As a point of reference, 2014 U.S. Census data indicate that approximately 12% of U.S. citizens over the age of 25 have an advanced academic degree, 32% have a bachelor’s degree, and 88% are high school graduates (U.S. Census Bureau, 2015). Based on the readability scores you obtained, what percentage of the population is likely to be able to successfully read each of the articles you sampled?

What information is lost as you compare a scholarly article with a local newspaper account of scholarly research?

Exercise 2: Slideware Presentation

Select two articles from a scholarly journal—one qualitative, one quantitative. Using slideware such as Microsoft PowerPoint or Apple Keynote, design no more than six summary presentation slides for each article. Which type of article can be most easily summarized using slideware? Why?

Exercise 3: Writing Styles

Compare the report of a conventional survey or experimental study from a scholarly journal with a narrative report such as Pacanowsky’s “A Small-Town Cop” (1983). What differences do you find between the two reports with respect to:

  • Your ability to relate to the individuals in each study?
  • The level of insight each study provides you?
  • The ease with which policy makers could make policy decisions based on each study?

Exercise 4: Assessing Researchers’ Community Engagement 

A 2015 survey of members of the AAAS (Rainie et al., 2015) found that about 40% of them often or occasionally do at least two of four activities—talk with nonexperts, talk with the media, use social media, or blog. Nearly half engage in one of these four activities either often or occasionally.
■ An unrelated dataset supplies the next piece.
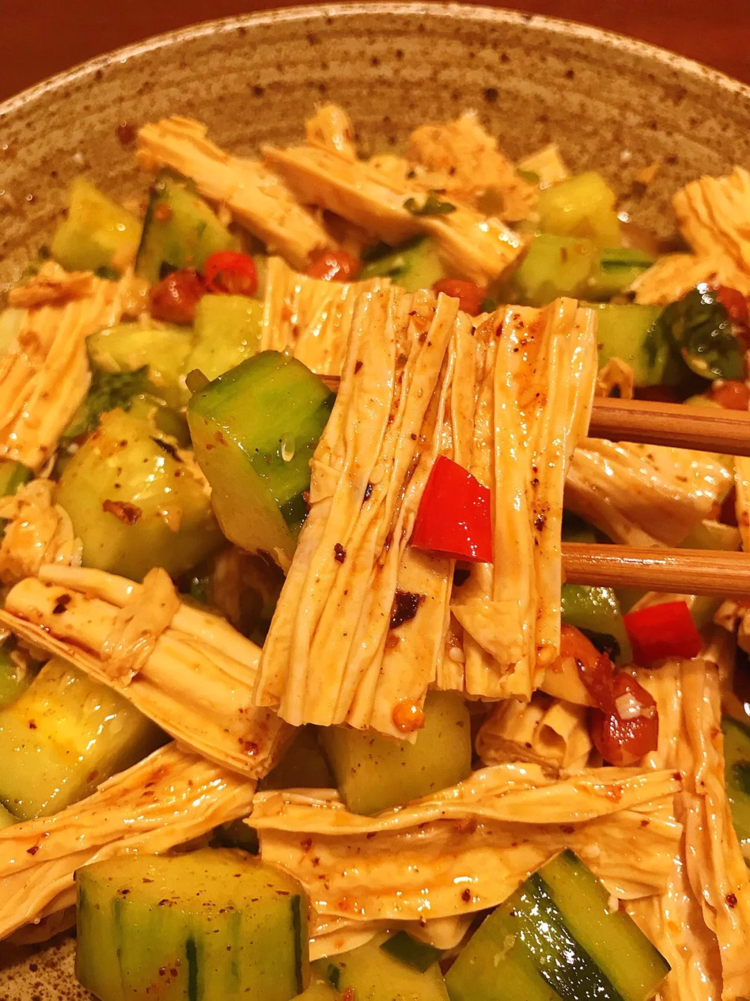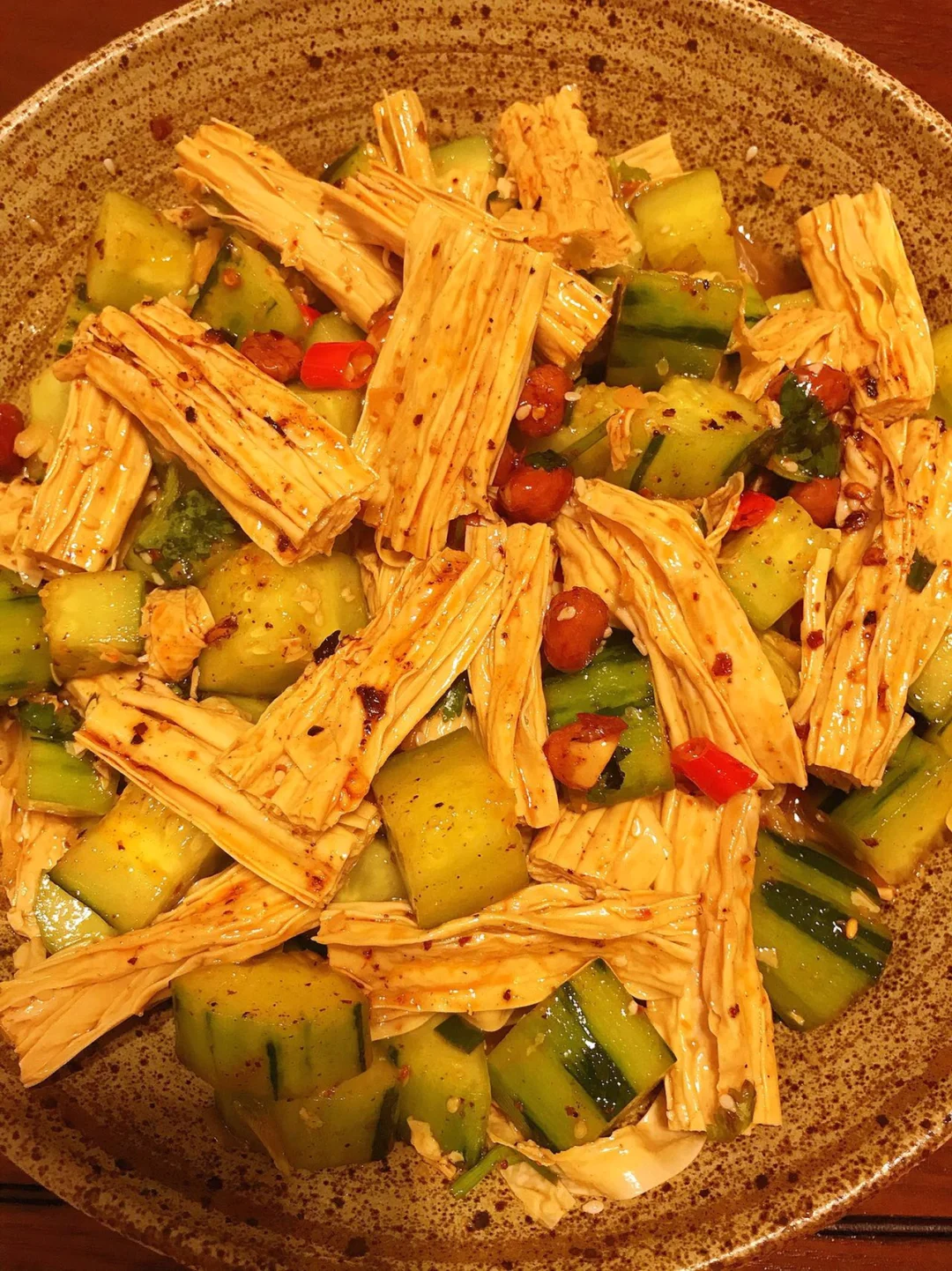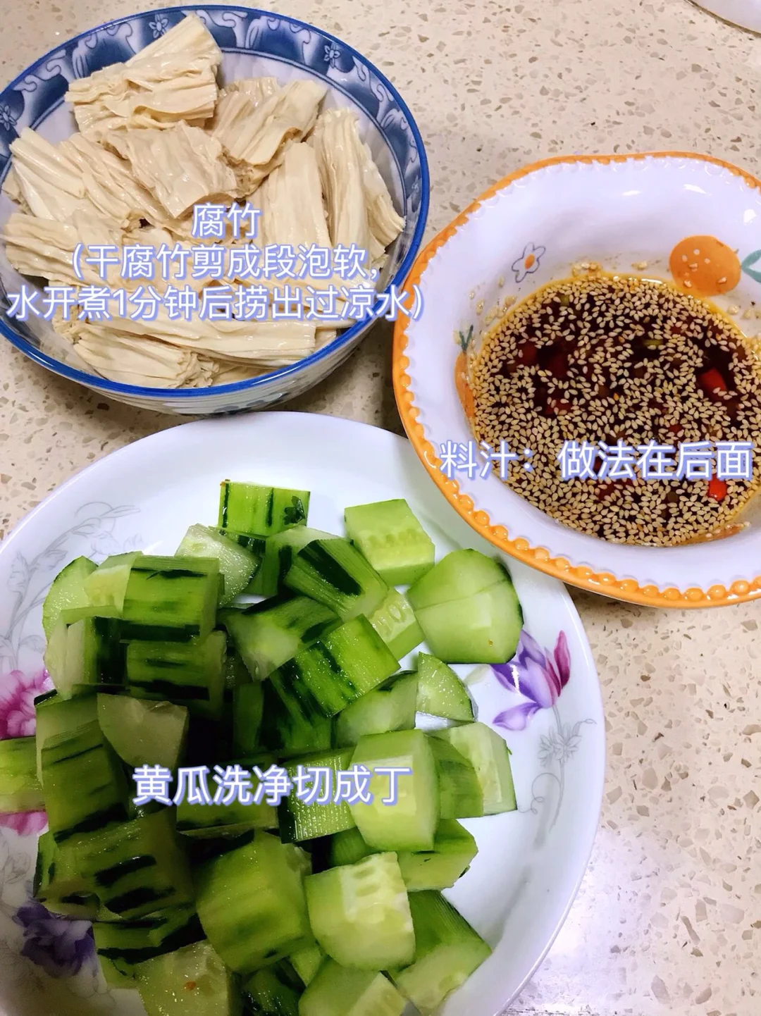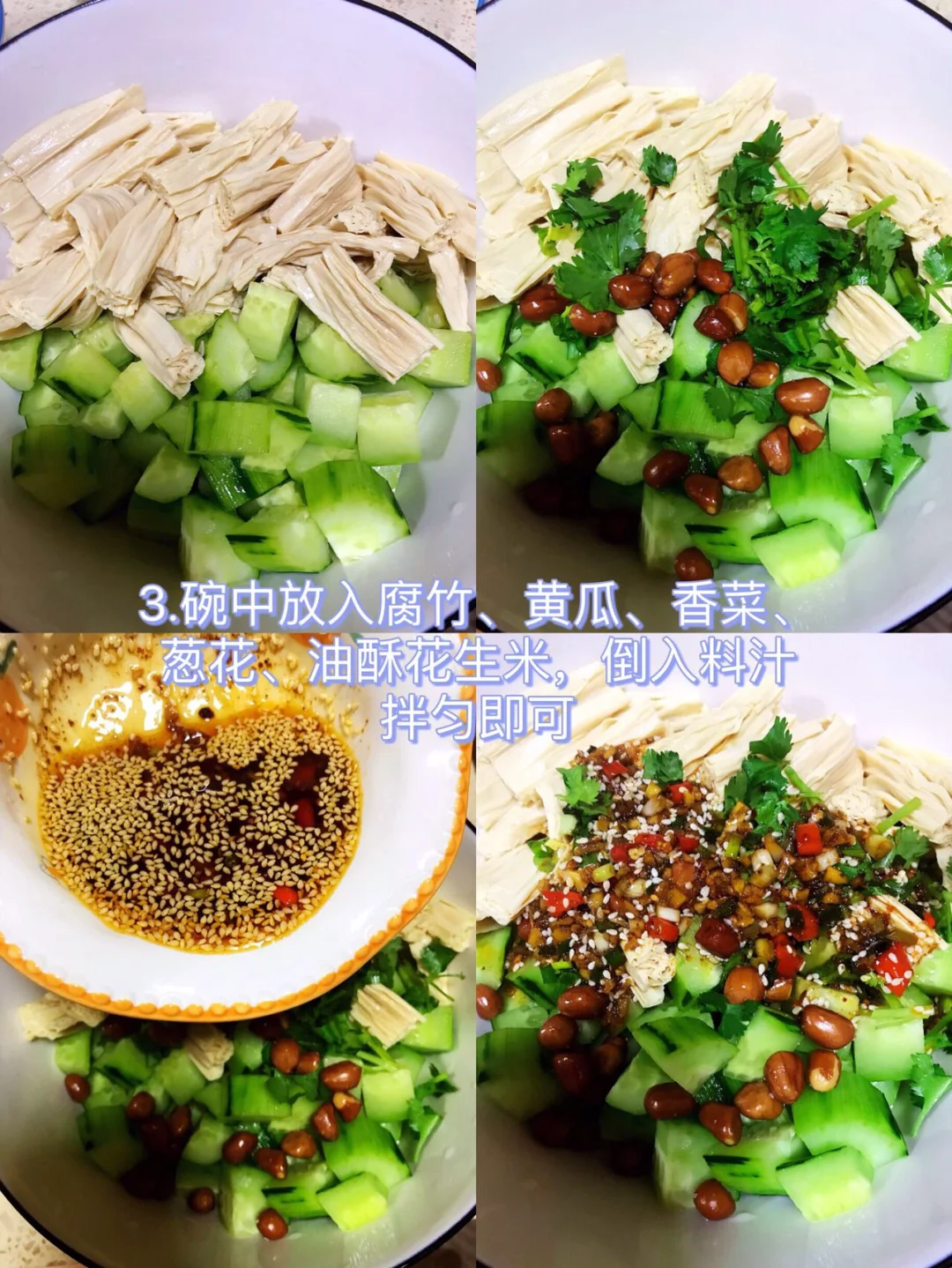 [赞R]今天分享一款凉拌腐竹黄瓜!开胃解腻巨好吃😋!喜欢的赶紧试试吧! [赞R]食材:腐竹、黄瓜、小米辣、香菜、葱花、油酥花生米(可不放) [赞R]做法: 1⃣️干腐竹剪成段泡软,水开煮1分钟后捞出过凉水;黄瓜切成丁 2⃣️调料汁:碗中放入蒜末、葱花、小米辣、白芝麻、辣椒面浇上热油;再放入2勺生抽、1勺醋、半勺香油、少许盐、鸡精、白糖搅拌均匀 3⃣️碗中放入腐竹、黄瓜、香菜、葱花、油酥花生米,倒入料汁拌匀即可

These activities suggest that that researchers need to move—and are moving—beyond traditional scholarly publishing if they are to engage with the community at large.
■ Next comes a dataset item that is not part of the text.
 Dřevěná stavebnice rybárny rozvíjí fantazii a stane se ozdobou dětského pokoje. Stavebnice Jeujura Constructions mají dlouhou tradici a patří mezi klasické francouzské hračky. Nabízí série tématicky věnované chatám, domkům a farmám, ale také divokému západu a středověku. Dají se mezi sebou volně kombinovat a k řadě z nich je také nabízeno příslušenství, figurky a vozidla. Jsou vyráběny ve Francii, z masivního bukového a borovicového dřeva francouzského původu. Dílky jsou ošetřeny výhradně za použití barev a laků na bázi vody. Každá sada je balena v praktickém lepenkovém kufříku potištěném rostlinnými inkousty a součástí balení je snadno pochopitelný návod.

You can use these four activities as a crude measure of community engagement by scholarly authors.

Use your online research skills to identify communication scholars in your area(s) of interest and research their professional communication activities as far as possible. Assign each a score between 0 (you find no evidence of the above four activities) and 4 (you find evidence for all four of the activities). How do you rate these scholars for com­munity engagement? What other measures of community engagement can you think of?